(Data for this task)

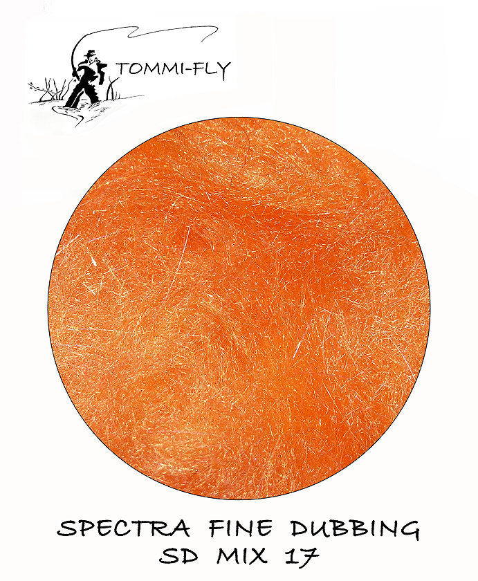 Spectra fine dubbing je mix jemného syntetického vlákna, přírodní srsti zajíce nebo králíka a spektrálního vlákna pro dubbování.. Kombinace materiálů umožňuje přirozenou stavbu tělíčka mušky s odstávajícími vlákny a dráždivým spectra materiálem. Vše je ve variabilní délce vhodné pro dubbování a barevně laděno do výsledné barvy.
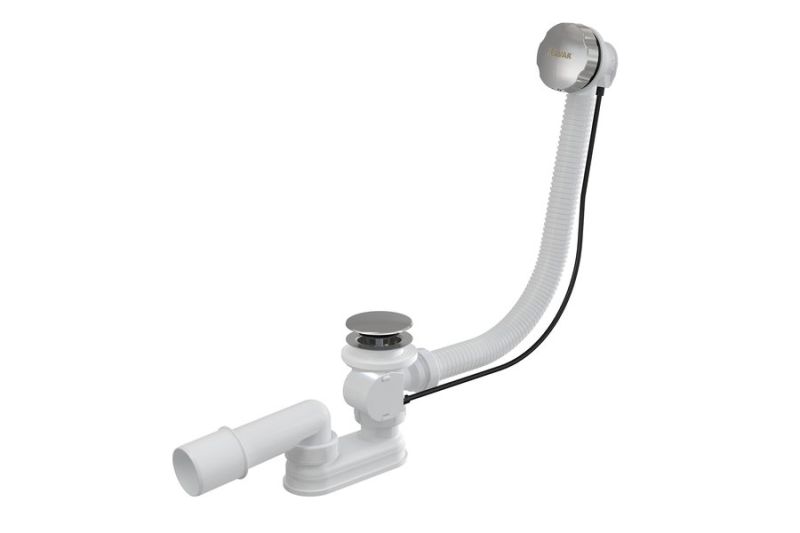 Вы можете выбрать сточный комплект для ванны с переливом длиной 570 мм или 800 мм с управлением сливом при помощи тросика или механизмом ClickClack. В состав каждого сточного комплекта входит сифон.
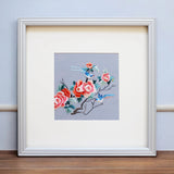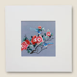 This stunning piece, "Red Peonies and Bluebirds," showcases vibrant red peonies in full bloom, accompanied by elegantly detailed bluebirds.
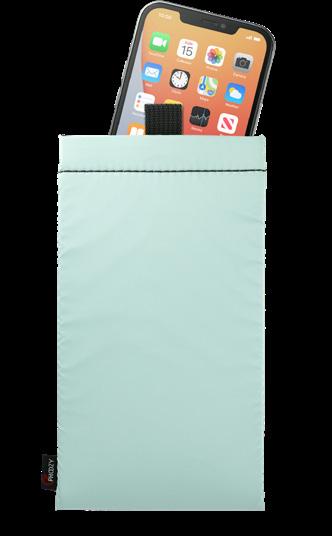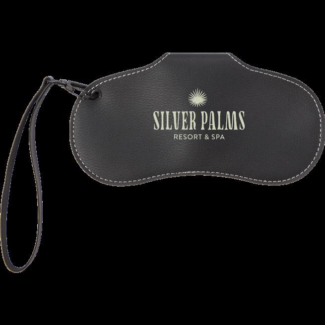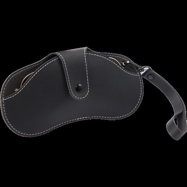 Made with recycled materials, featuring a snap closure to secure sunglasses and a wrist lanyard for easy carry.
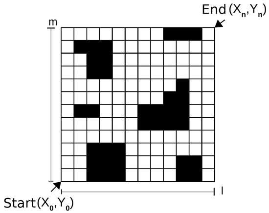 In our framework, we use a discrete environment representation. A grid box can have an obstacle or be empty, as shown in Figure 1. In this figure, the starting point is the bottom left corner and the ending point is the top right corner , where l is the width and m is the height of the grid.
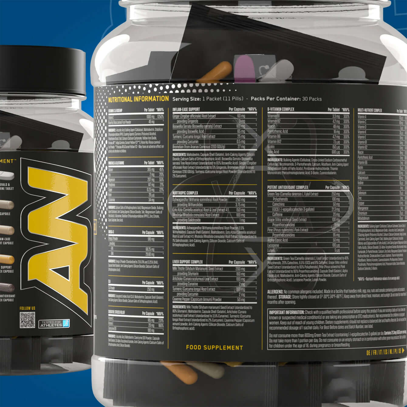 - All-in-one health stack with 11 tablets/capsules per daily sachet
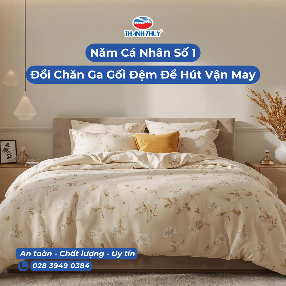 Hy vọng những gợi ý trên từ Chăn Ga Thanh Thủy sẽ giúp bạn dễ dàng chọn được bộ chăn ga gối đệm ưng ý, phù hợp với phong thủy và năng lượng của "Năm Cá Nhân Số 1". Một giấc ngủ ngon trên bộ chăn ga mới không chỉ nâng cao sức khỏe mà còn là lời chúc tốt đẹp nhất cho một năm mới an lành, thịnh vượng và tràn đầy thành công. Hãy bắt đầu ngay hôm nay.
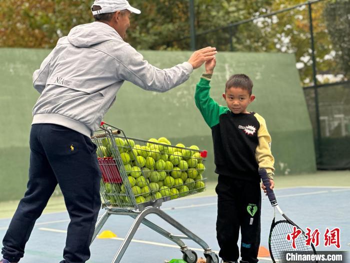 图为王发六岁的弟弟王艺正在教练的指导下练习网球动作。 郑晨子 摄
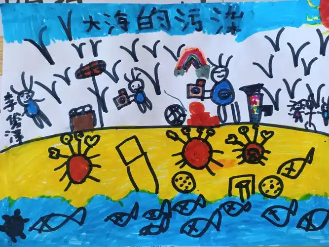 少儿书画作品-海洋污染/儿童书画作品海洋污染欣赏_中国少儿美术教育
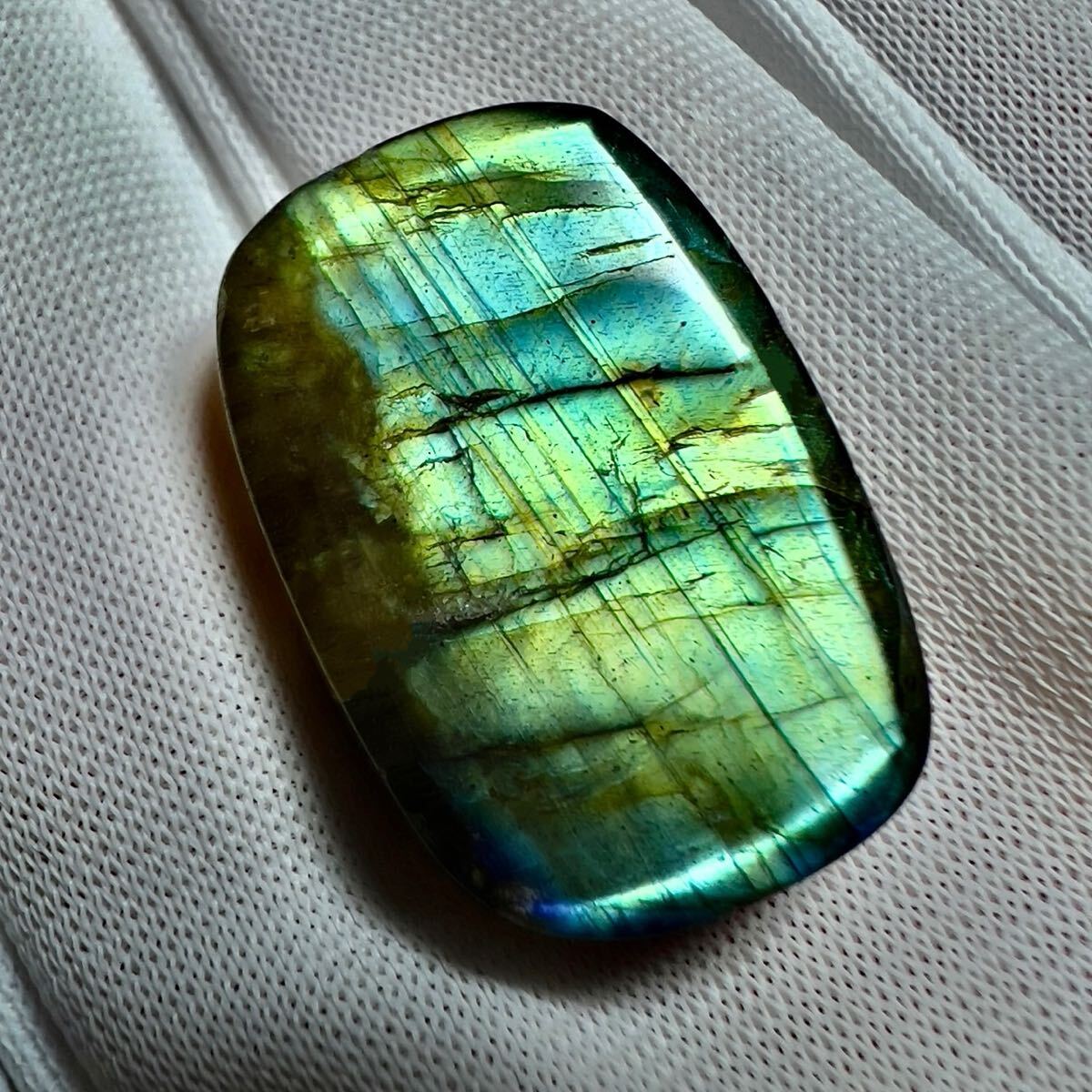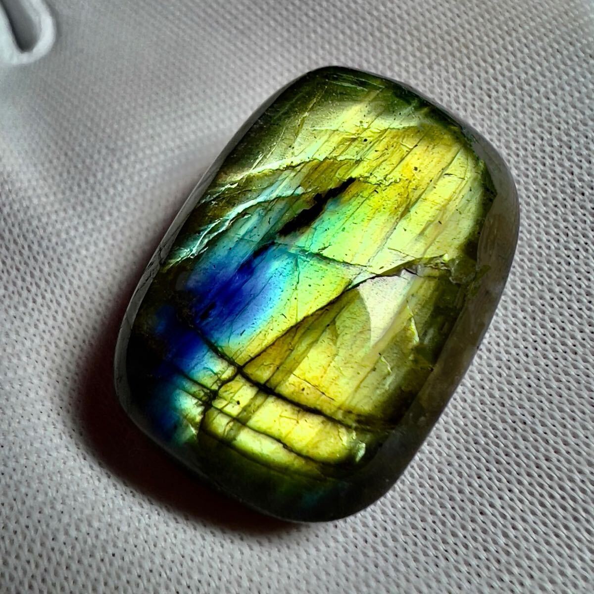 ラブラドライトの最も特徴的なのがラブラドレッセンスと呼ばれる光学効果で、これがいかに美しく見られるのかがこの石では最も大切と言えます。
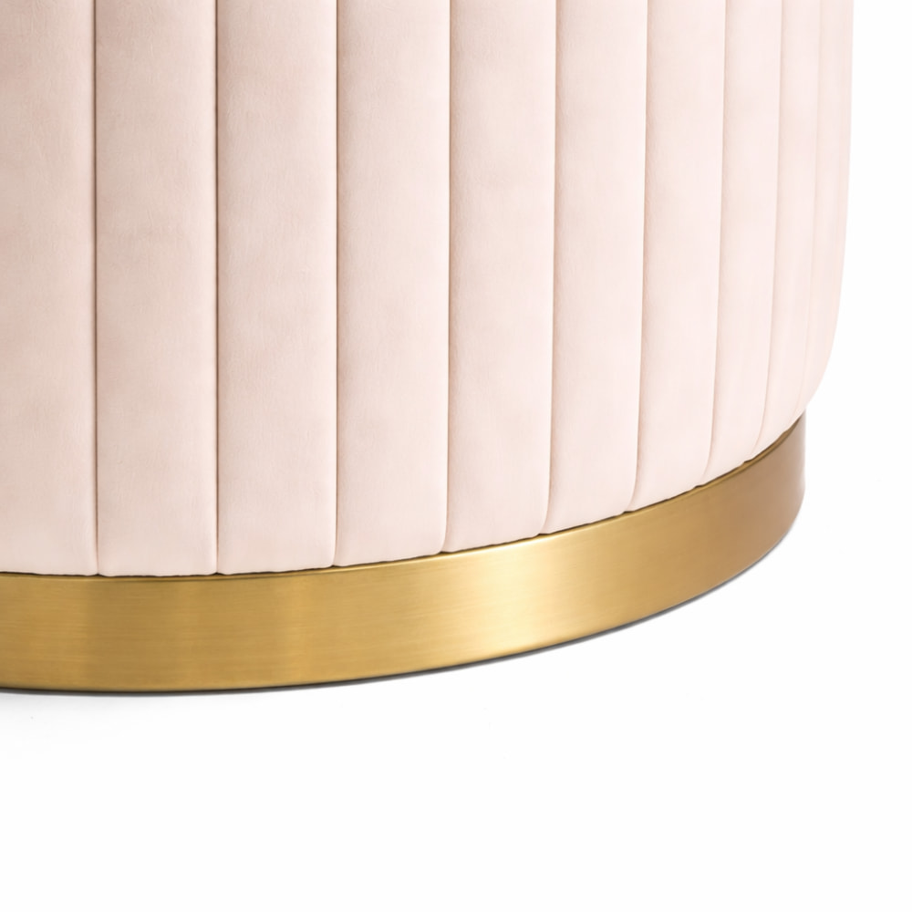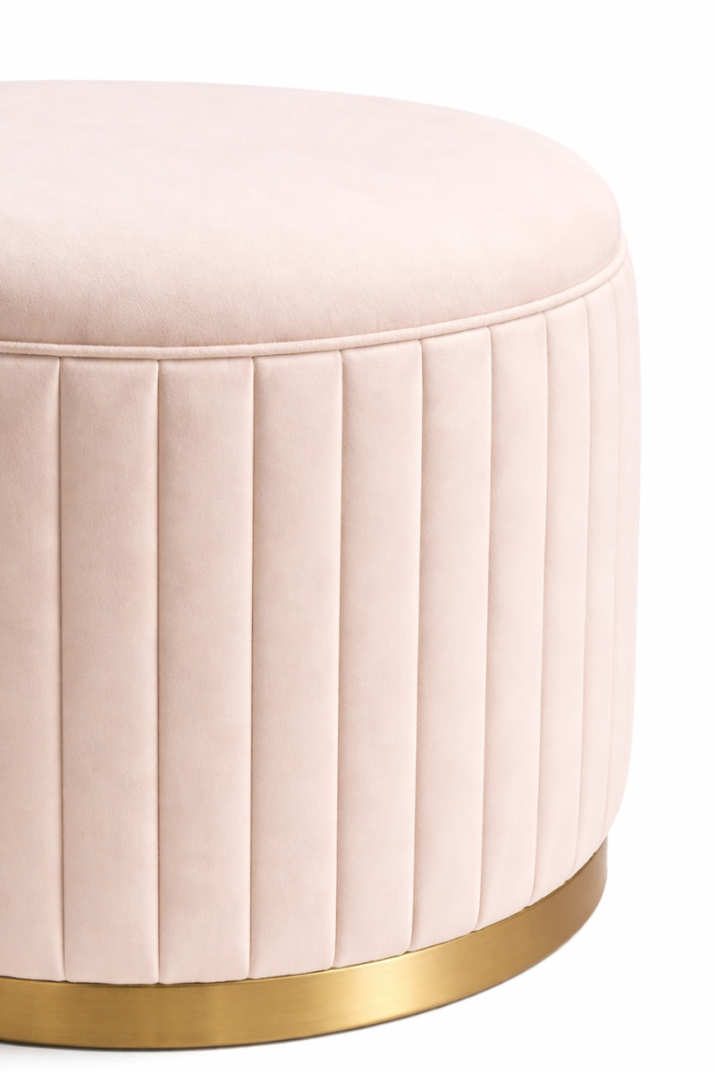 Bella Ottoman – Embodies understated elegance with its soft upholstered finish and refined vertical detailing. Accented by a sleek gold base, it adds a touch of sophistication and warmth to any bedroom or living space.

(End Data for this task)

_Problem to work on_. The entries should be printed again exactly as written, leaving all pictures out.

_Your response_.
 Spectra fine dubbing je mix jemného syntetického vlákna, přírodní srsti zajíce nebo králíka a spektrálního vlákna pro dubbování.. Kombinace materiálů umožňuje přirozenou stavbu tělíčka mušky s odstávajícími vlákny a dráždivým spectra materiálem. Vše je ve variabilní délce vhodné pro dubbování a barevně laděno do výsledné barvy.
 Вы можете выбрать сточный комплект для ванны с переливом длиной 570 мм или 800 мм с управлением сливом при помощи тросика или механизмом ClickClack. В состав каждого сточного комплекта входит сифон.
 This stunning piece, "Red Peonies and Bluebirds," showcases vibrant red peonies in full bloom, accompanied by elegantly detailed bluebirds.
 Made with recycled materials, featuring a snap closure to secure sunglasses and a wrist lanyard for easy carry.
 In our framework, we use a discrete environment representation. A grid box can have an obstacle or be empty, as shown in Figure 1. In this figure, the starting point is the bottom left corner and the ending point is the top right corner , where l is the width and m is the height of the grid.
 - All-in-one health stack with 11 tablets/capsules per daily sachet
 Hy vọng những gợi ý trên từ Chăn Ga Thanh Thủy sẽ giúp bạn dễ dàng chọn được bộ chăn ga gối đệm ưng ý, phù hợp với phong thủy và năng lượng của "Năm Cá Nhân Số 1". Một giấc ngủ ngon trên bộ chăn ga mới không chỉ nâng cao sức khỏe mà còn là lời chúc tốt đẹp nhất cho một năm mới an lành, thịnh vượng và tràn đầy thành công. Hãy bắt đầu ngay hôm nay.
 图为王发六岁的弟弟王艺正在教练的指导下练习网球动作。 郑晨子 摄
 少儿书画作品-海洋污染/儿童书画作品海洋污染欣赏_中国少儿美术教育
 ラブラドライトの最も特徴的なのがラブラドレッセンスと呼ばれる光学効果で、これがいかに美しく見られるのかがこの石では最も大切と言えます。
 Bella Ottoman – Embodies understated elegance with its soft upholstered finish and refined vertical detailing. Accented by a sleek gold base, it adds a touch of sophistication and warmth to any bedroom or living space.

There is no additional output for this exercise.